Stored records:
====

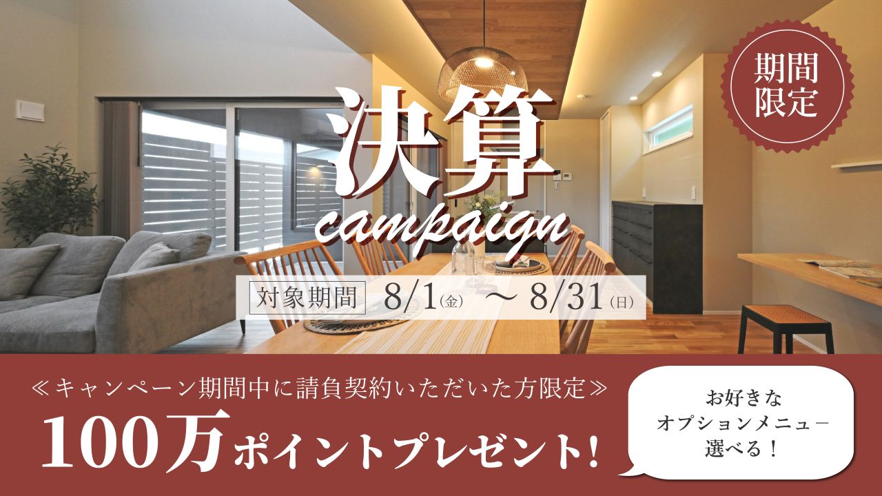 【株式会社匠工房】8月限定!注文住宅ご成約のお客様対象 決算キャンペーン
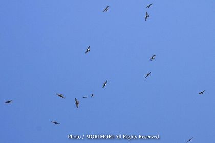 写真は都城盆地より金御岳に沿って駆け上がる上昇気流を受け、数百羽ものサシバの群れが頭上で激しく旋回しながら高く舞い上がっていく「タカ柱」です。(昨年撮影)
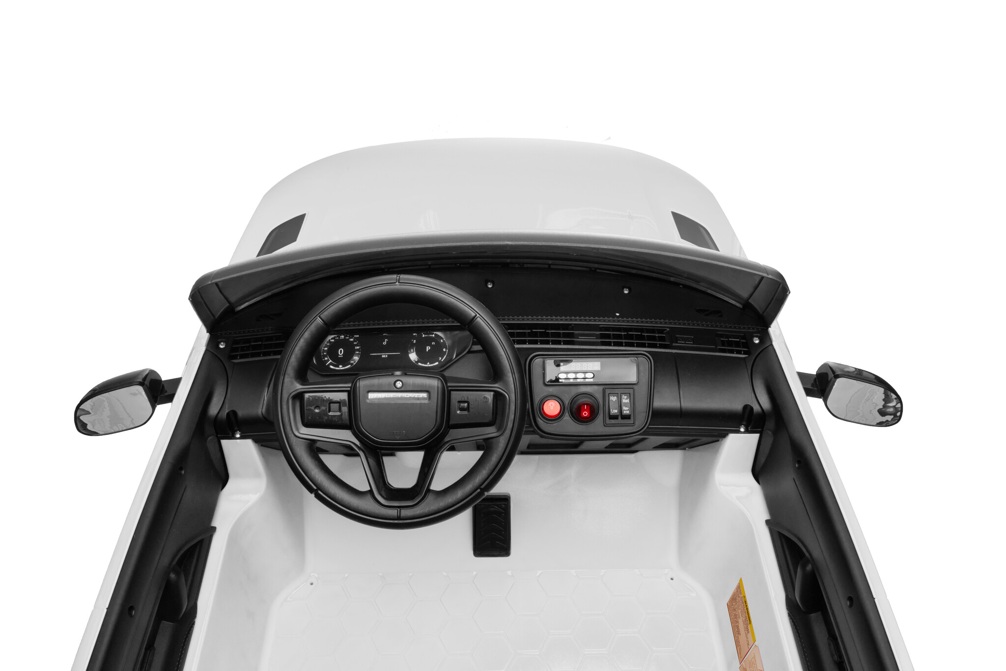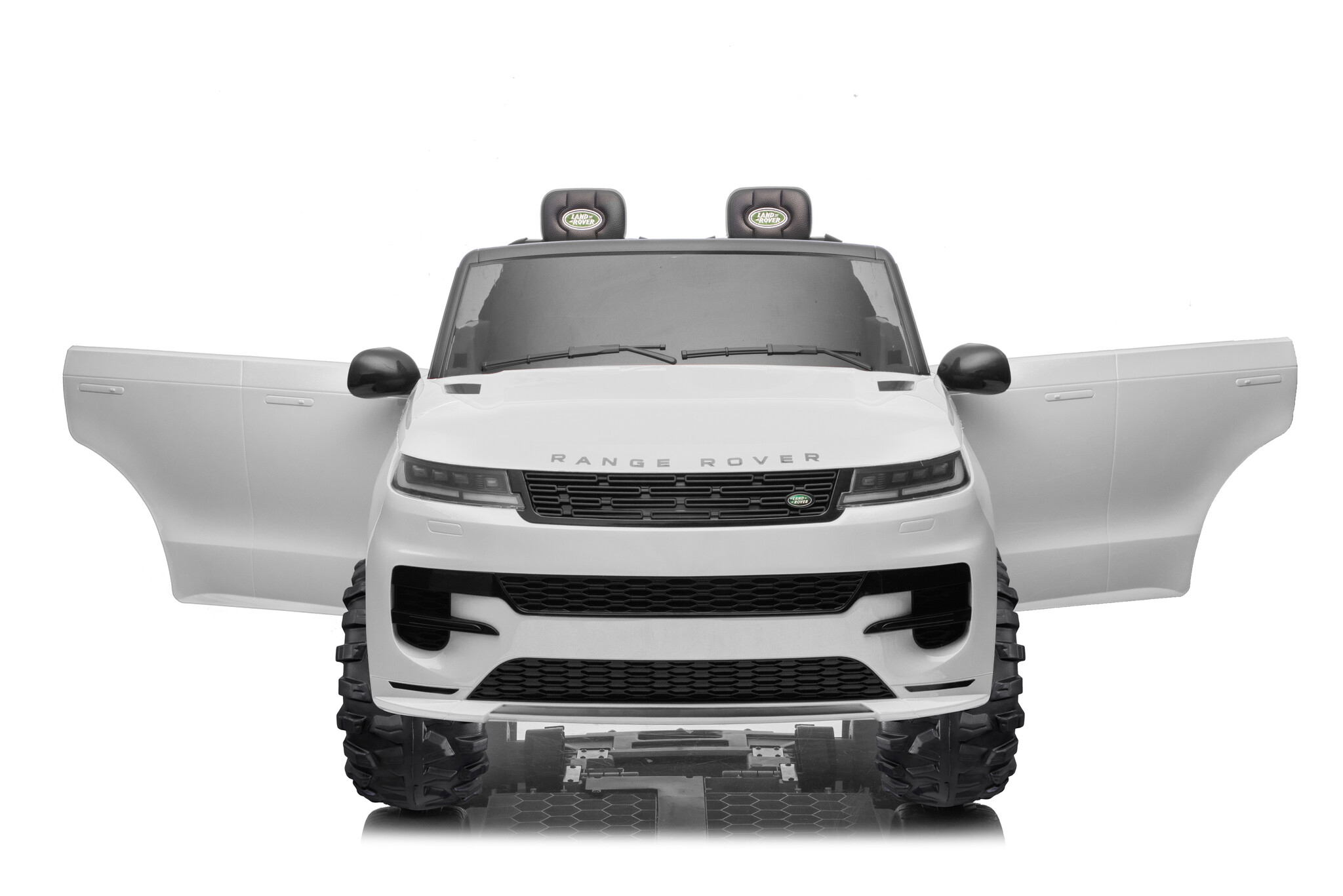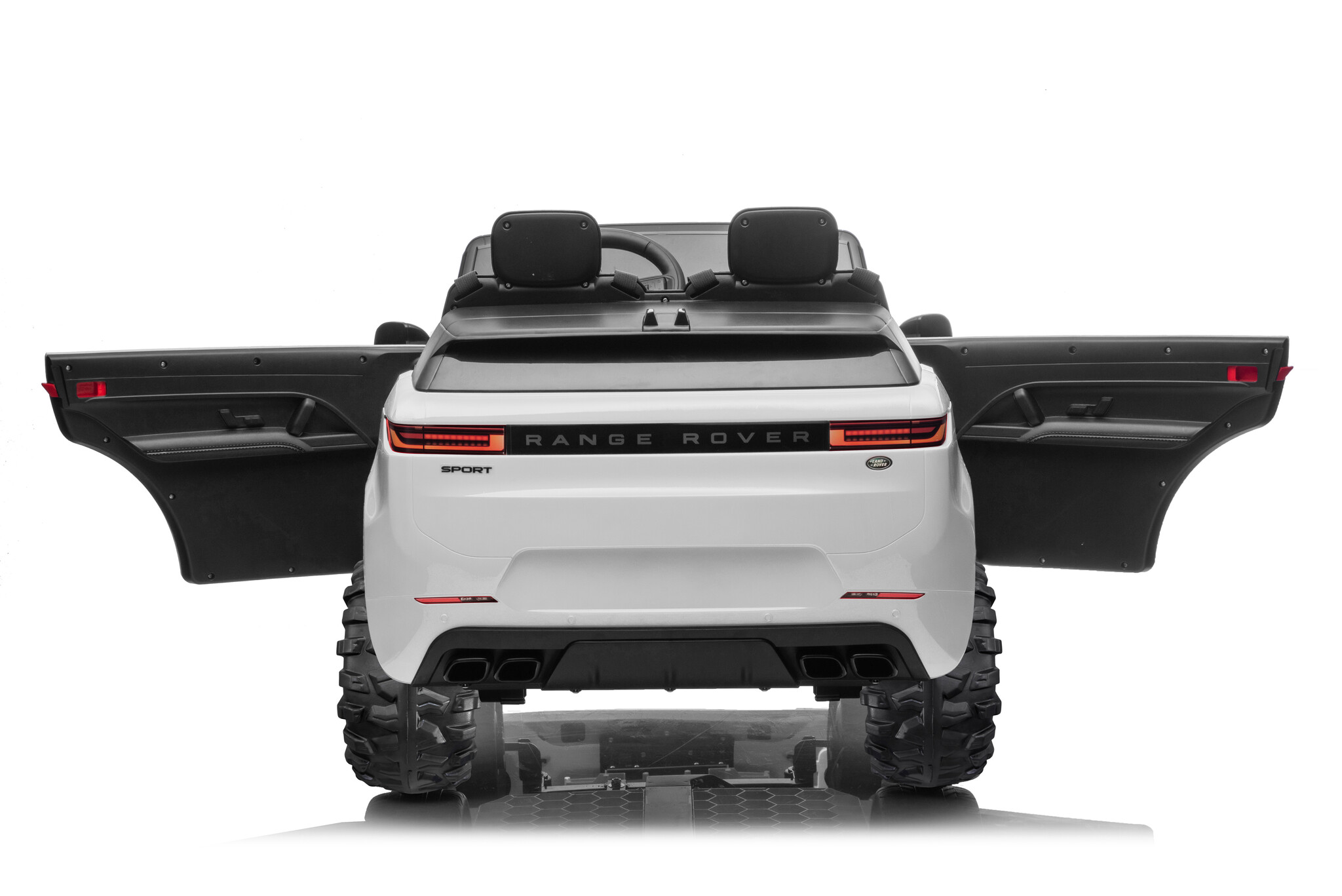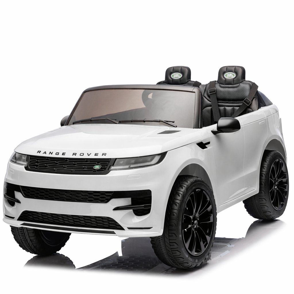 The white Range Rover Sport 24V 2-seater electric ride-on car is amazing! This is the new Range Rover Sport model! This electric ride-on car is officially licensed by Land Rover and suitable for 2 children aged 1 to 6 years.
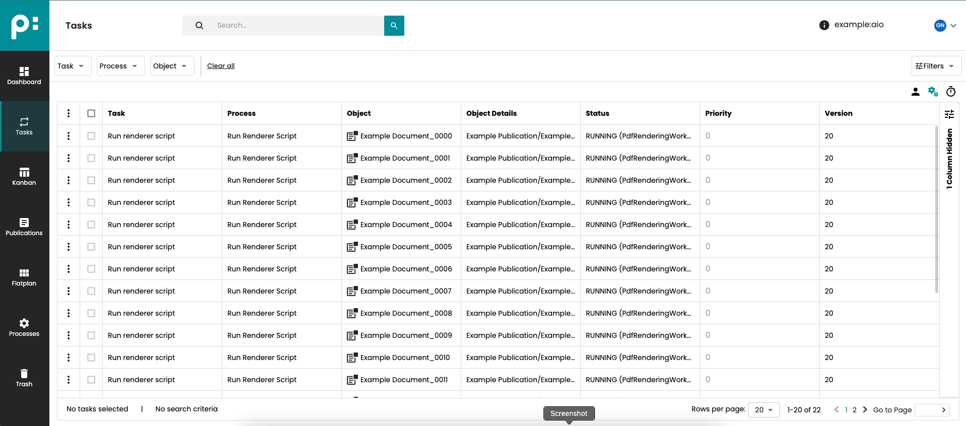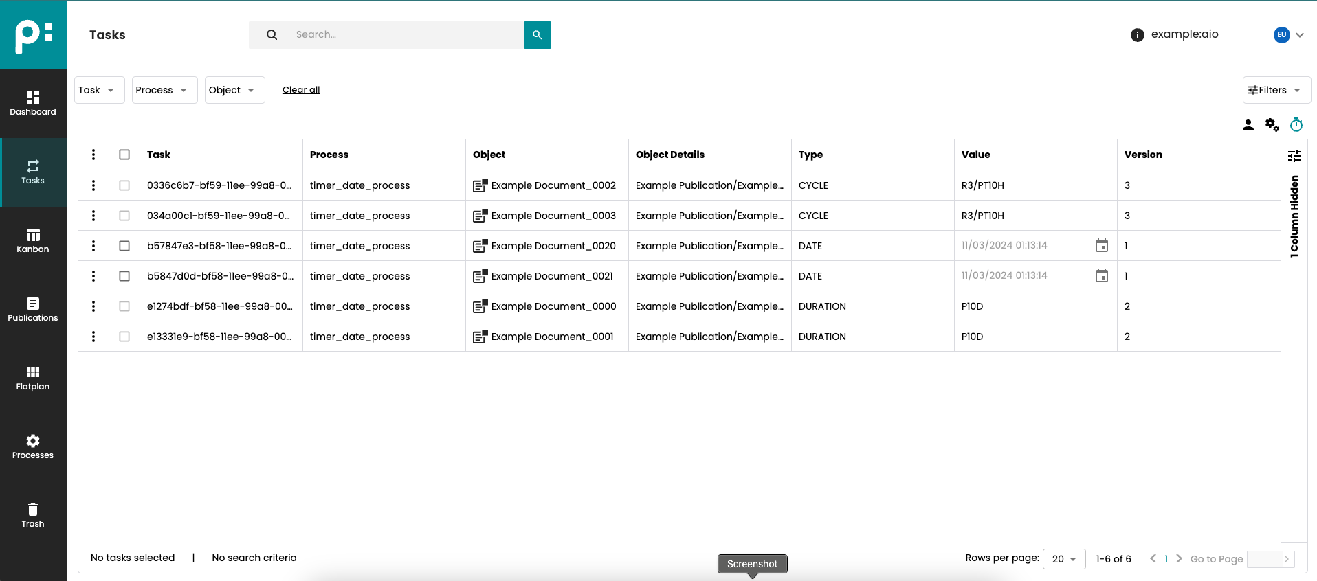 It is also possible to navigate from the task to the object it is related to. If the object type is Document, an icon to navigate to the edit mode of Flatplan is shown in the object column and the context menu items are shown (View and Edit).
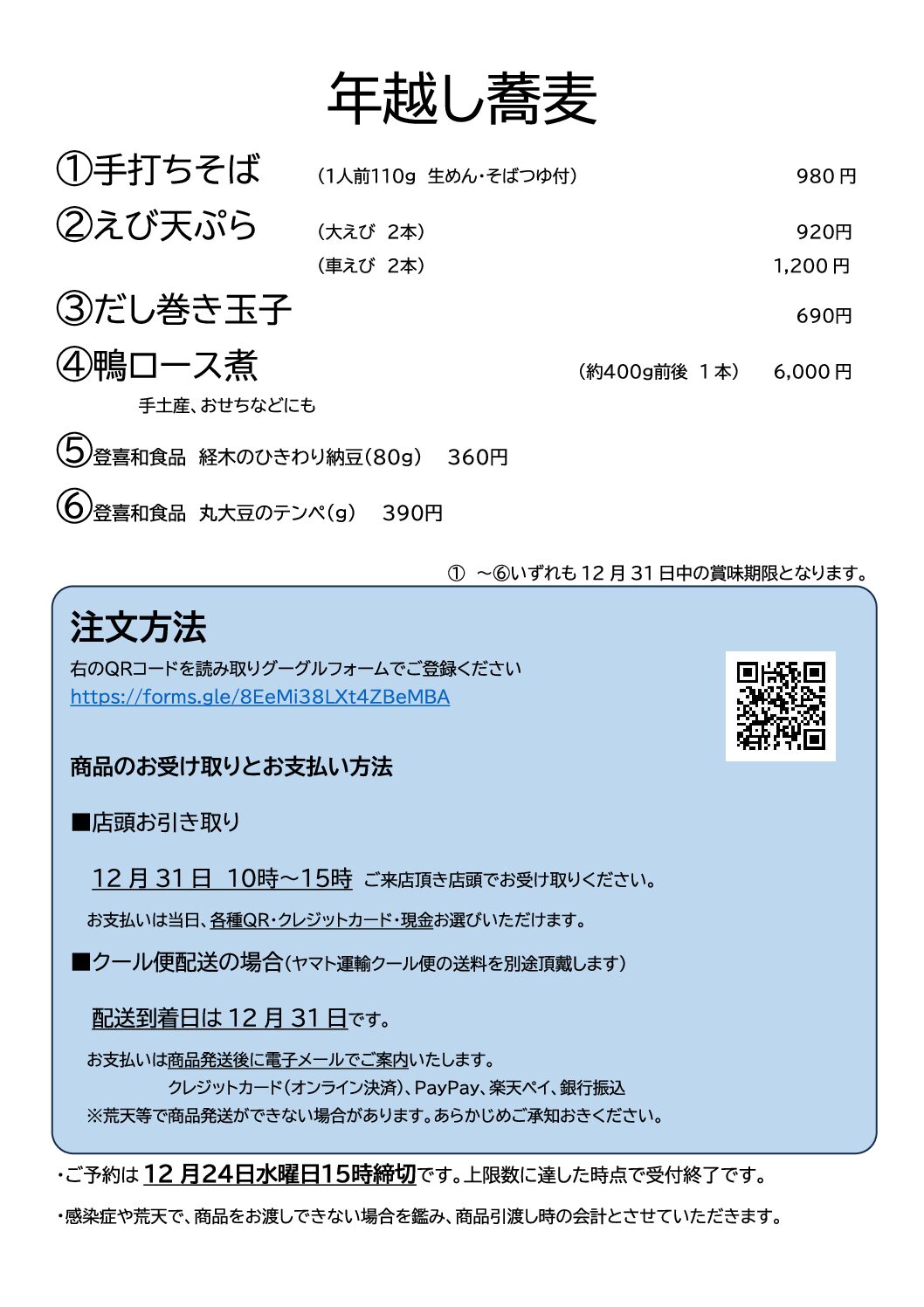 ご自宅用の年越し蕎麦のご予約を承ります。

====

### EXERCISE PROMPT:
Your task is to set down each line above verbatim while excluding the pictures.

### WRITTEN RESPONSE:
 【株式会社匠工房】8月限定!注文住宅ご成約のお客様対象 決算キャンペーン
 写真は都城盆地より金御岳に沿って駆け上がる上昇気流を受け、数百羽ものサシバの群れが頭上で激しく旋回しながら高く舞い上がっていく「タカ柱」です。(昨年撮影)
 The white Range Rover Sport 24V 2-seater electric ride-on car is amazing! This is the new Range Rover Sport model! This electric ride-on car is officially licensed by Land Rover and suitable for 2 children aged 1 to 6 years.
 It is also possible to navigate from the task to the object it is related to. If the object type is Document, an icon to navigate to the edit mode of Flatplan is shown in the object column and the context menu items are shown (View and Edit).
 ご自宅用の年越し蕎麦のご予約を承ります。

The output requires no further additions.